_Dataset extract_.
↓↓↓
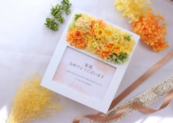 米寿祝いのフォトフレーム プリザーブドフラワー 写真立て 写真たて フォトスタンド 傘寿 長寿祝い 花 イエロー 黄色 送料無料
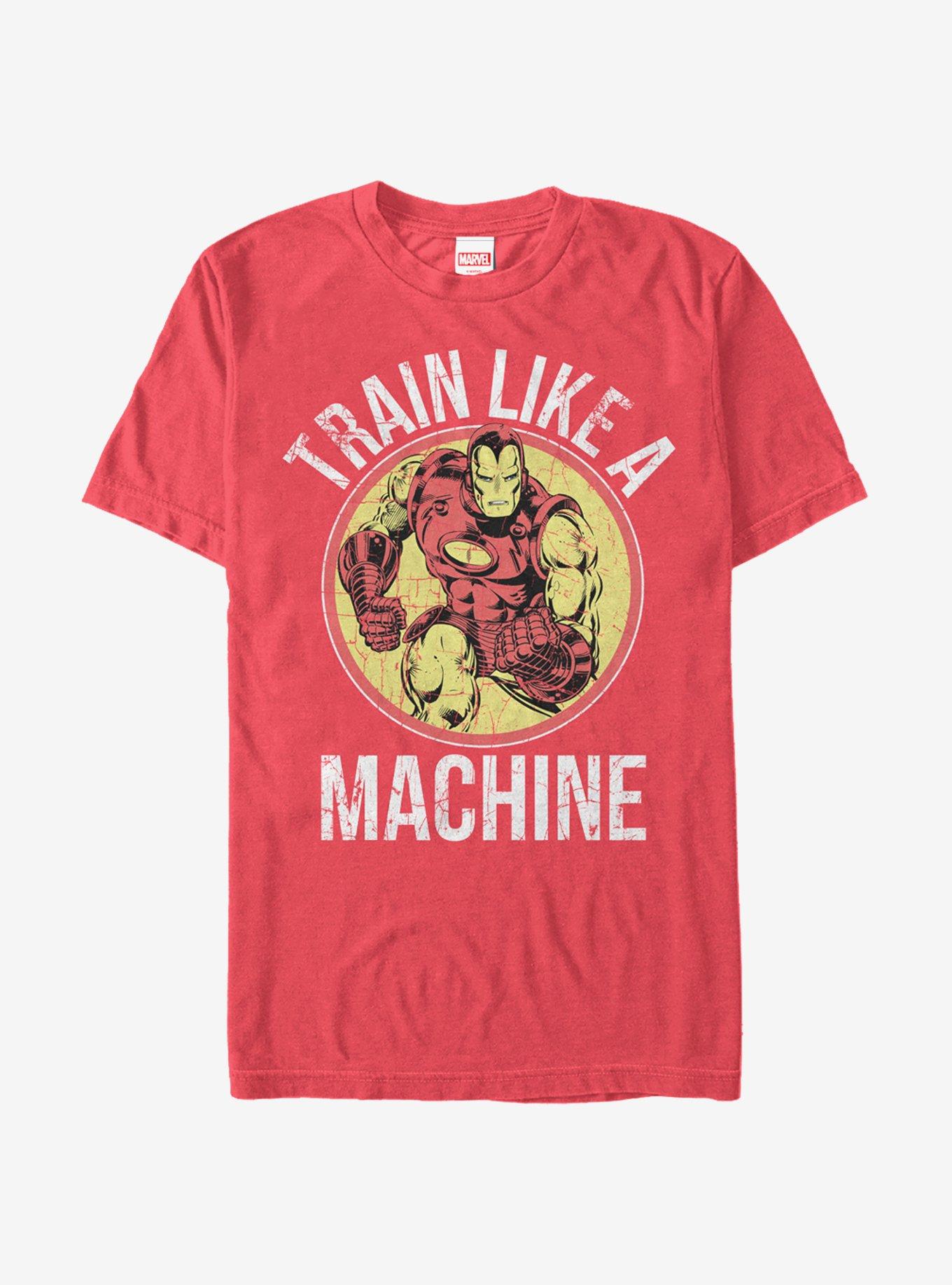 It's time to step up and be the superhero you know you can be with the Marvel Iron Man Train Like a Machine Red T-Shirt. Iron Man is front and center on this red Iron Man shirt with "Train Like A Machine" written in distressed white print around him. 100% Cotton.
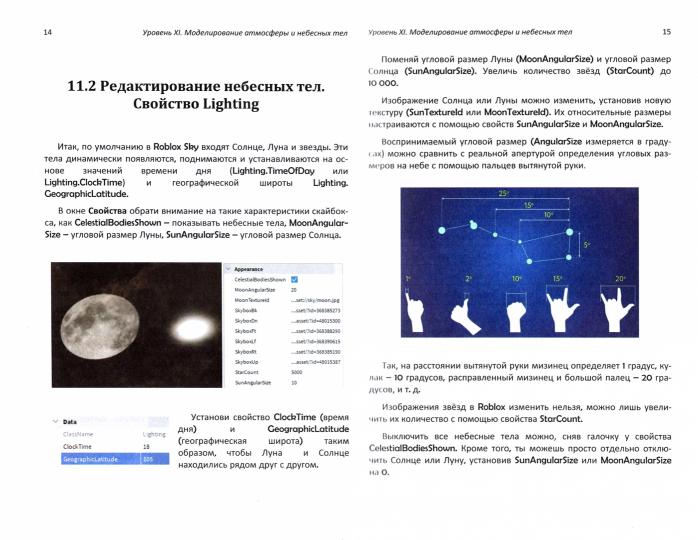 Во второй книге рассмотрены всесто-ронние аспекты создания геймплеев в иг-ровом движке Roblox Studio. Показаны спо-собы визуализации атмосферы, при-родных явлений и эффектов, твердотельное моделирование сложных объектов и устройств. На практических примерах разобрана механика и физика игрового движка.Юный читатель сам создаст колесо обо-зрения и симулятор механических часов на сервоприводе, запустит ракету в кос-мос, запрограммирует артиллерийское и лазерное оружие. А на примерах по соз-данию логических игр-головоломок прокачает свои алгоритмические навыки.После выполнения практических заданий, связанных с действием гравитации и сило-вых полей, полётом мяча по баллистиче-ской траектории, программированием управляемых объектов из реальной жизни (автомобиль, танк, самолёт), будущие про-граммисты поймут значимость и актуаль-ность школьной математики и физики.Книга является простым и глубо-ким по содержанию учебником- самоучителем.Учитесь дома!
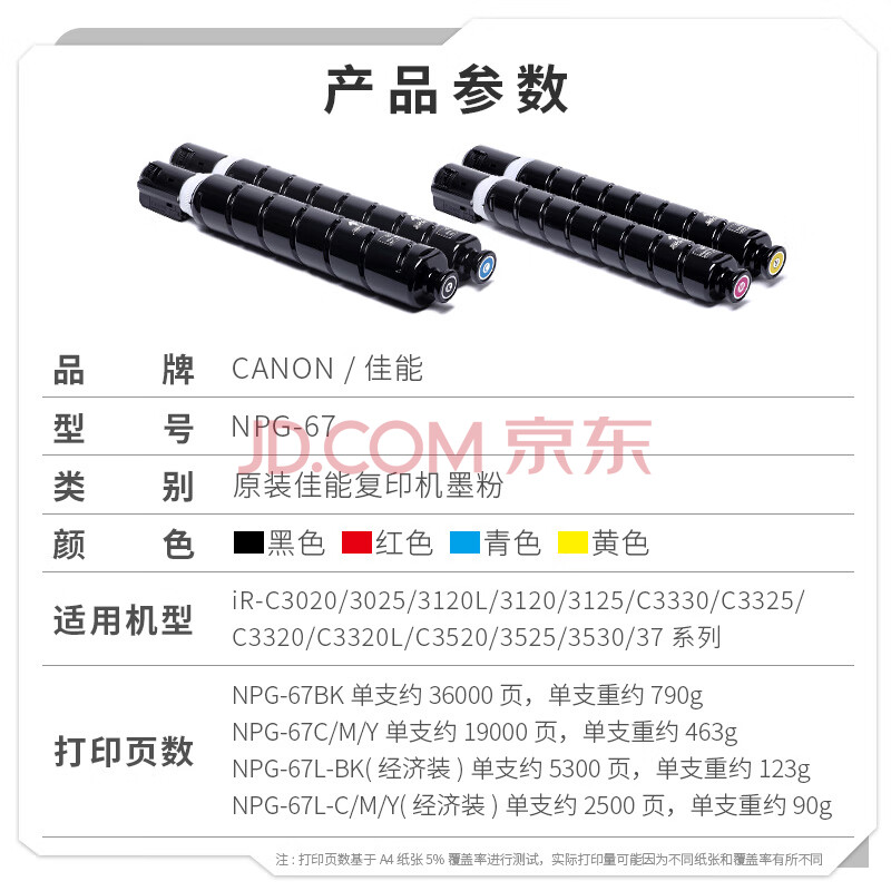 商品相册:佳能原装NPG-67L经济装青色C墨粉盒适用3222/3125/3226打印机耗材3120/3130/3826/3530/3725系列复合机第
↑↑↑
Leaving all pictures aside, print exactly the lines from the one that contains "Во второй книге" through the last line of the data above, inclusive.

 Во второй книге рассмотрены всесто-ронние аспекты создания геймплеев в иг-ровом движке Roblox Studio. Показаны спо-собы визуализации атмосферы, при-родных явлений и эффектов, твердотельное моделирование сложных объектов и устройств. На практических примерах разобрана механика и физика игрового движка.Юный читатель сам создаст колесо обо-зрения и симулятор механических часов на сервоприводе, запустит ракету в кос-мос, запрограммирует артиллерийское и лазерное оружие. А на примерах по соз-данию логических игр-головоломок прокачает свои алгоритмические навыки.После выполнения практических заданий, связанных с действием гравитации и сило-вых полей, полётом мяча по баллистиче-ской траектории, программированием управляемых объектов из реальной жизни (автомобиль, танк, самолёт), будущие про-граммисты поймут значимость и актуаль-ность школьной математики и физики.Книга является простым и глубо-ким по содержанию учебником- самоучителем.Учитесь дома!
 商品相册:佳能原装NPG-67L经济装青色C墨粉盒适用3222/3125/3226打印机耗材3120/3130/3826/3530/3725系列复合机第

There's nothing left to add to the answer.